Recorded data
-----

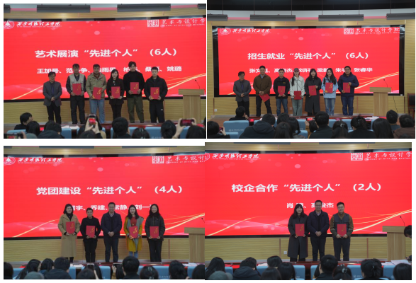 大会伊始,党委副书记乔建宣读了艺术与设计学院2024年关于“先进个人”的表彰决定。学院院长苟秉宸、副院长冯强、党委副书记乔建共同为荣获“先进个人”的教师颁发荣誉证书。苟秉宸院长对获得“先进个人”的教师表示热烈的祝贺,并高度赞扬了他们在教学评建、科研创新、文化育人、实践育人以及学生培养等方面的卓越贡献。他号召全体教职工以获得荣誉的教师为榜样,凝心聚力,迎评促建,共同推动学院各项工作高质量发展。
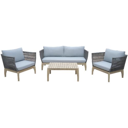 Иногда мелкие детали могут решить все! Сочетая в себе прочную выбеленную древесину твердых пород АКАЦИИ, холодно-серую двойную оплетку морского каната и водостойкие, легко чистящиеся мягкие подушки светло-серого оттенка, уличный комплект для отдыха River обеспечивает идеальный баланс между долговечностью и стилем.
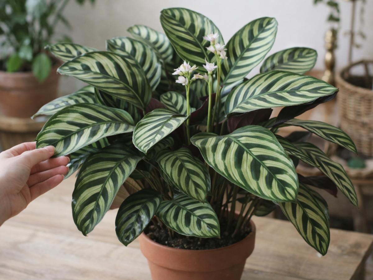 Такой подход позволяет сохранить декоративность калатеи и подчеркнуть её характерный рисунок листьев в течение долгого времени.
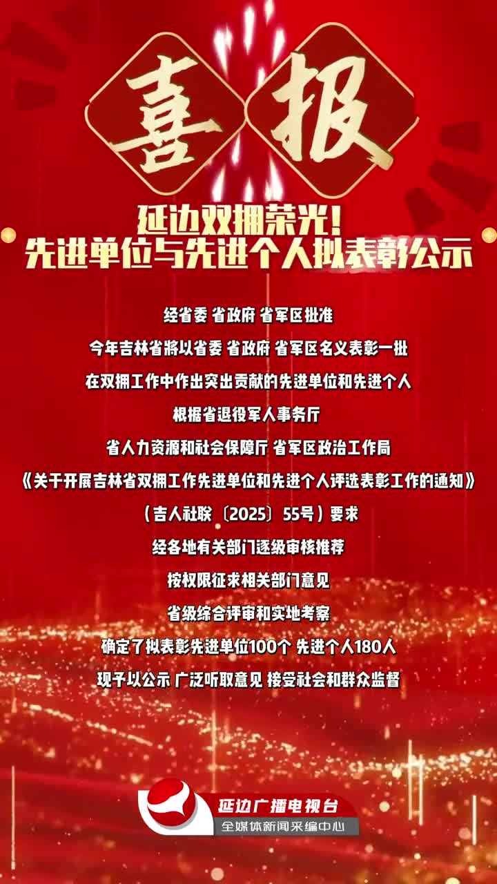 喜报!延边双拥荣光!先进单位与先进个人拟表彰公示
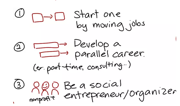 這意味著人們需要找到一個能夠有機會成為領袖、受到尊重、取得成功的第二領域——可能是第二份職業,也可能是平行的職業或社會創業。
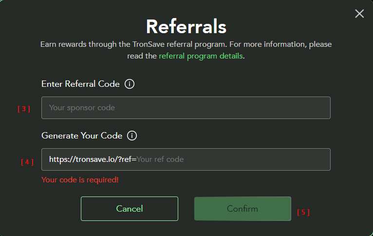 Share your referral link with your friends! If any customer successfully rents energy on Tronsave through your link, you'll receive a **5%** commission based on the total order value.
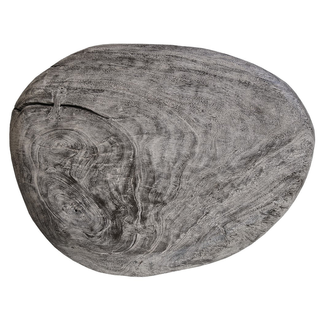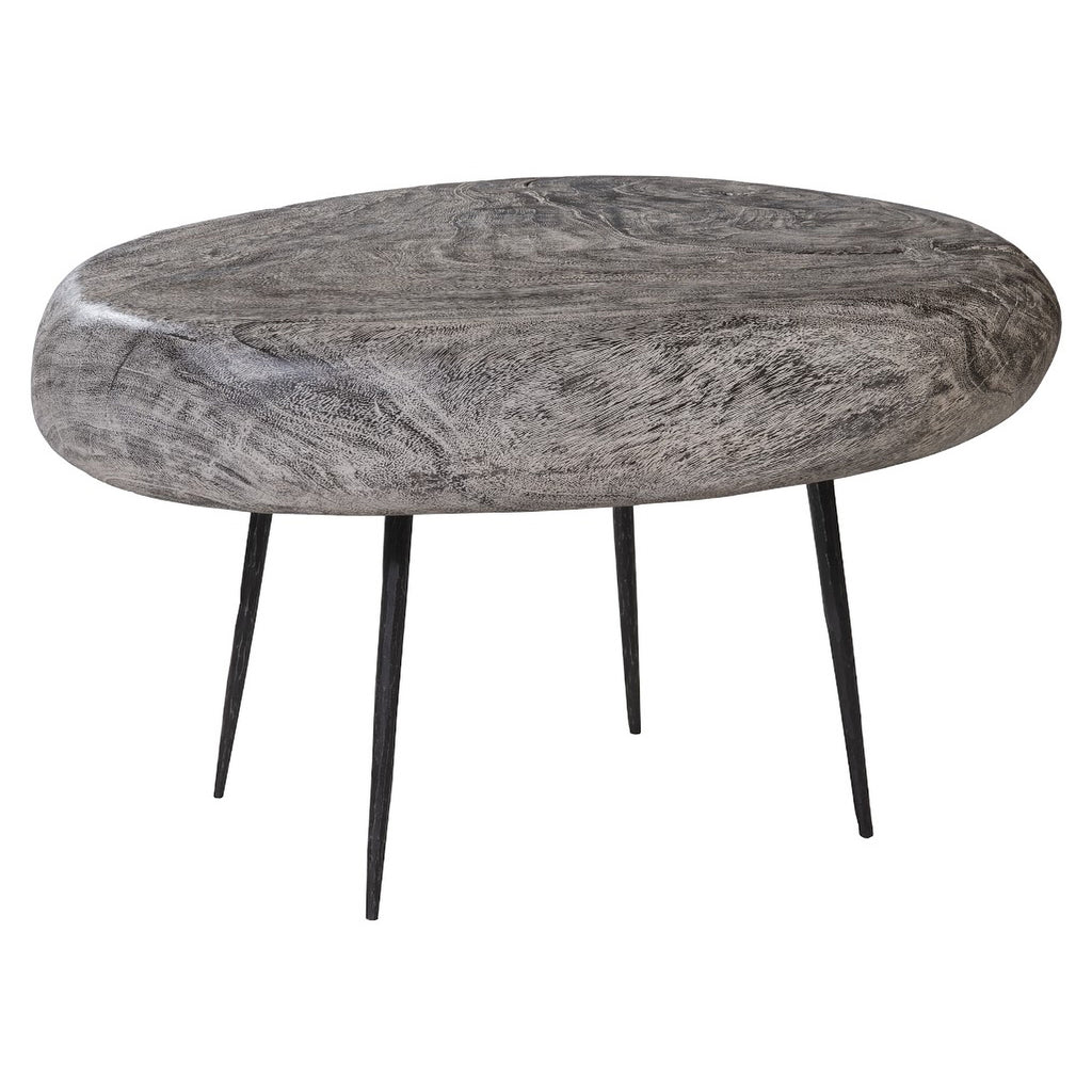 The Skipping Stone Large Natural Side Table is a traditional design that inspires nostalgia for the great era we now call Americana with a twist. It is made of wood in a natural finish. Round tables have rested next to sofas and chairs in American living rooms and dens since our country's great woodworkers began plying their trade. We simply chose a reclaimed piece of wood in an organic shape to increase the table's appeal. A design detail of note is the thinness of the forged metal legs, which contemporizes the design a bit.
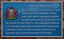 The City Flour Mills were built in 1850 by Joseph and Jonah Hadley who used the mill until 1860 when they moved their business to London. During their time, the building was the site of a landmark case in contract law referred to as Hadley v. Baxendale.[1]

-----

• [EXERCISE OBJECTIVE]: Leave out every picture, and copy exactly the lines above starting at the one holding "Такой подход позволяет" and ending at the one holding "這意味著人們需要找到一個能夠", no more and no less.

• [SOLUTION FOR THIS TASK]:
 Такой подход позволяет сохранить декоративность калатеи и подчеркнуть её характерный рисунок листьев в течение долгого времени.
 喜报!延边双拥荣光!先进单位与先进个人拟表彰公示
 這意味著人們需要找到一個能夠有機會成為領袖、受到尊重、取得成功的第二領域——可能是第二份職業,也可能是平行的職業或社會創業。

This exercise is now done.